• Task goal
What is needed is an exact copy of every line from the one containing "破云之龙:使用后赵云向指定方" through the end of the entries; please set it down without any pictures.

Dataset excerpts:

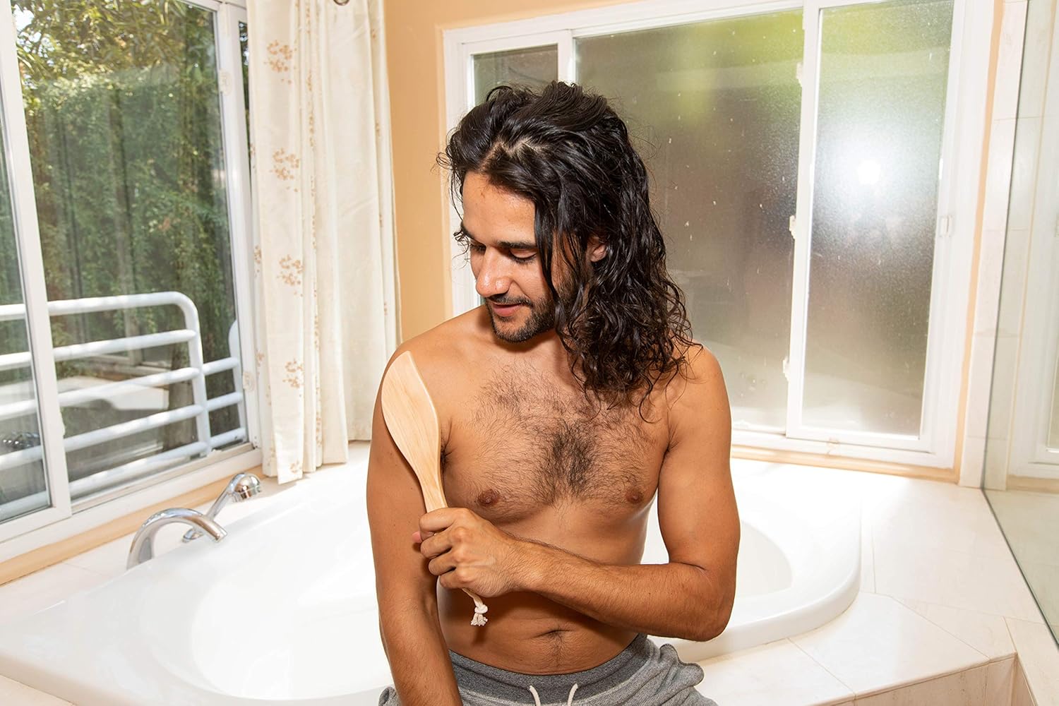 Excellent body brush. Definitely what I was looking for. Im a guy, and I don’t need anything else on my back scrubber than bristles. I needed a better clean and something I wasn’t ashamed to use in the showers at the gym. Straight forward product, great craftsmanship. Handle is not too long or too short, it’s just right. Great protective coating to protect it from rot, and it’s one single peace of wood. My back is super smooth after only 3 days. Arrived on time, can’t say anything negative.
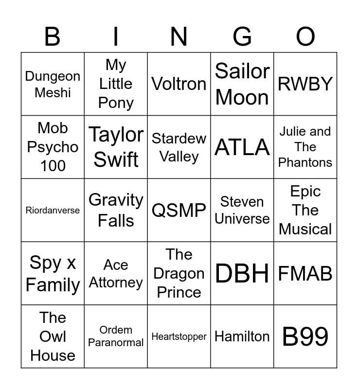 This bingo card has a free space and 24 words: Ace Attorney, Ordem Paranormal, Stardew Valley, The Owl House, RWBY, Dungeon Meshi, Mob Psycho 100, My Little Pony, Steven Universe, The Dragon Prince, ATLA, Riordanverse, DBH, FMAB, Taylor Swift, Hamilton, Epic The Musical, Voltron, Julie and The Phantons, Gravity Falls, B99, Spy x Family, Sailor Moon and Heartstopper.
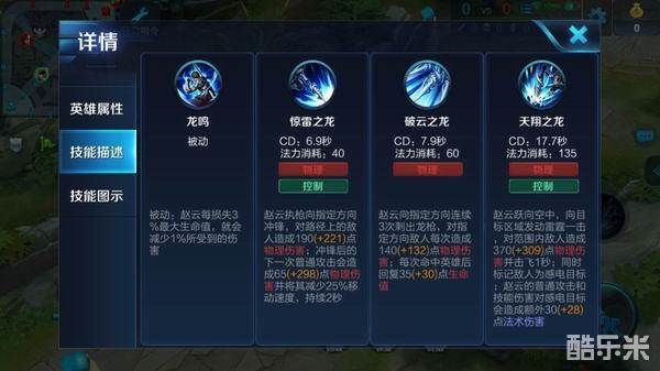 破云之龙:使用后赵云向指定方向刺出数枪,对指定方向的敌人造成物理伤害,若命中敌方英雄则回复自身生命值。该技能是赵云的主要输出技能,并且提高了一定的续航能力,使其在残血时能够依靠此技能迅速回血。
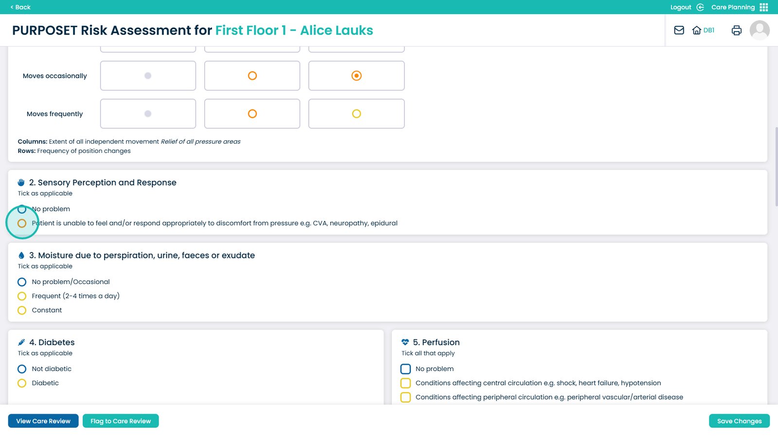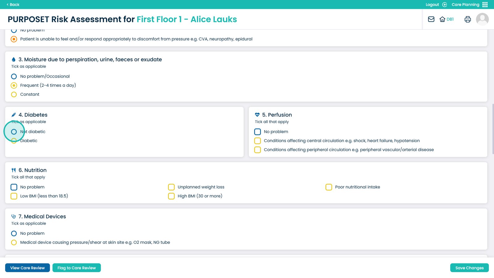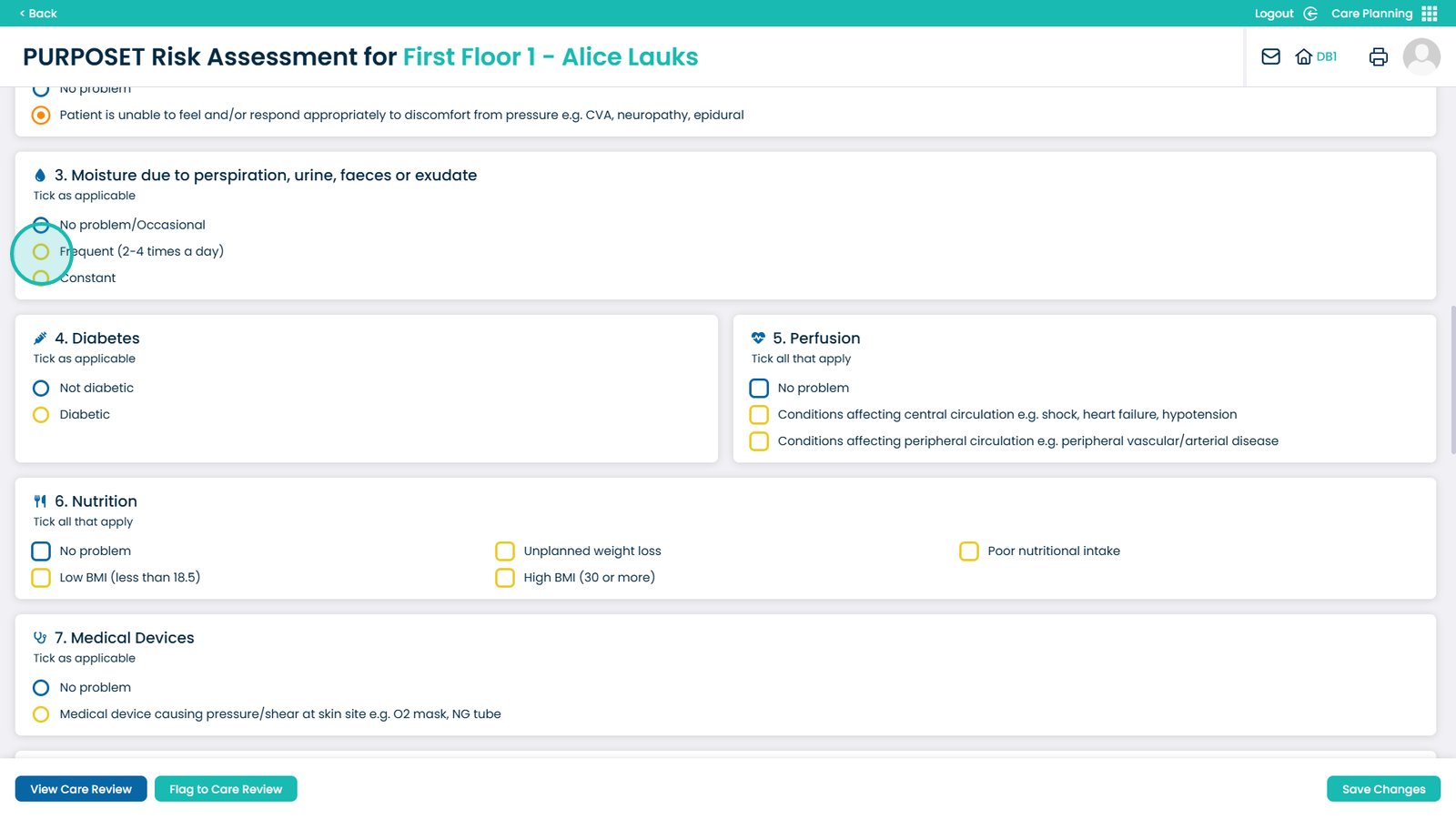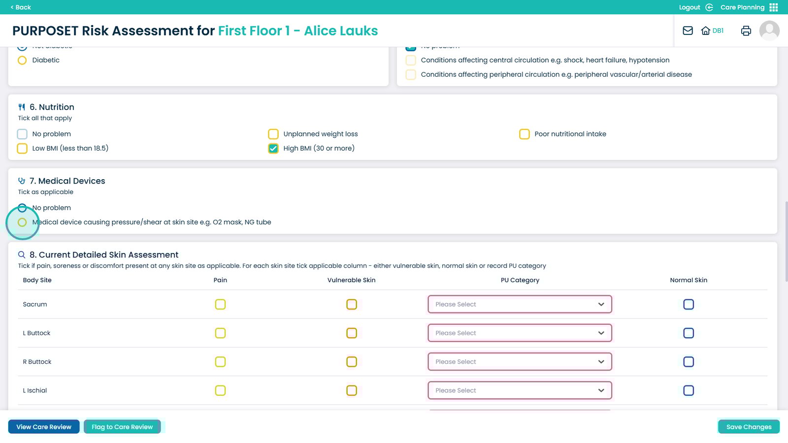 Now fill out the form using all of the options that apply to the service user. This example will show a higher risk of pressure ulcers
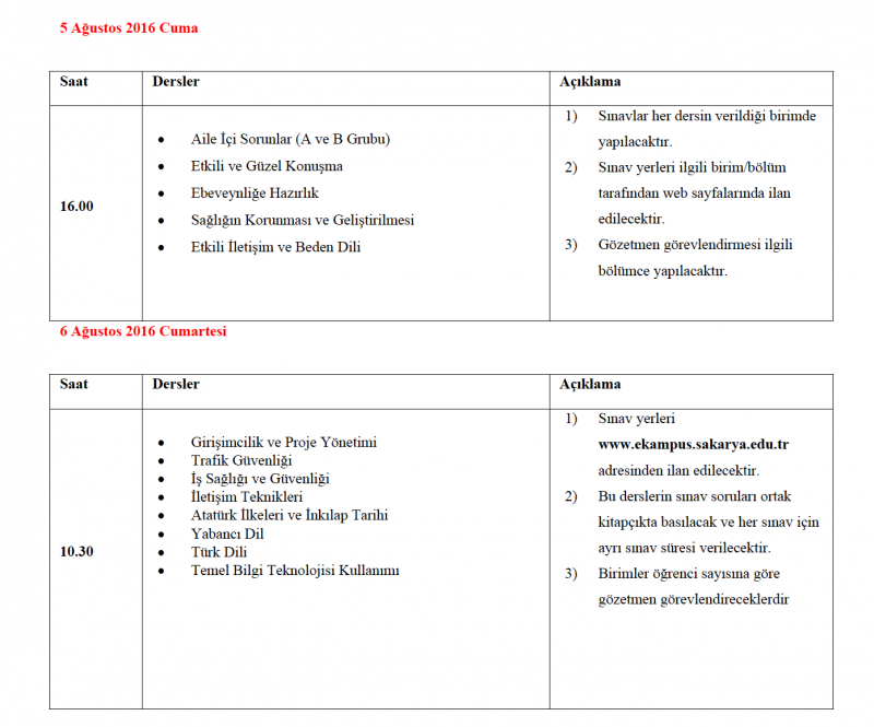 Mazeret Sınavları – 8 – 9 Ağustos 2016

• The completed task
 破云之龙:使用后赵云向指定方向刺出数枪,对指定方向的敌人造成物理伤害,若命中敌方英雄则回复自身生命值。该技能是赵云的主要输出技能,并且提高了一定的续航能力,使其在残血时能够依靠此技能迅速回血。
 Now fill out the form using all of the options that apply to the service user. This example will show a higher risk of pressure ulcers
 Mazeret Sınavları – 8 – 9 Ağustos 2016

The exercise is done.